The survey is now seven years old. Ned Davis Research notes that when the NAAIM Survey is above 73% (which occurs approximately 23% of the time), the S&P 500 has lost ground at an annualized rate of -3.8% per year. This is likely due to the fact that by the time the survey sports a high reading; most managers have already established long positions.

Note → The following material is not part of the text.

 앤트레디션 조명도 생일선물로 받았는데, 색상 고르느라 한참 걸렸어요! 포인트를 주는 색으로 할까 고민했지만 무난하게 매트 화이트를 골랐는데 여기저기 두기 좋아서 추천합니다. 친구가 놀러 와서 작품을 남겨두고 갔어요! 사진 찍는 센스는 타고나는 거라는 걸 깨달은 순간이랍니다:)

When the survey reading is between 14% and 73%, the S&P has gained +1.9% per year (approximately 70% of the time). And when the survey reading is below 14% the S&P has gained at a rate of +40.0% (again, a low reading suggests that managers have already sold and likely have cash on hand ready to commit). This reading has only occurred 6% of the time.
- See more at:
NAAIM Exposure Index: Managers Adapt To Changing Environment | State of the Markets
Summary from what I read: If the survey is between 14 and 73%, the S&P gains at a marginal rate (70% chance); if less than 14%, the S&P gains at a much larger rate but market risk is higher (much smaller chance), and the lower the survey score the lower the equity positions held my money managers which has correlated with market downturns.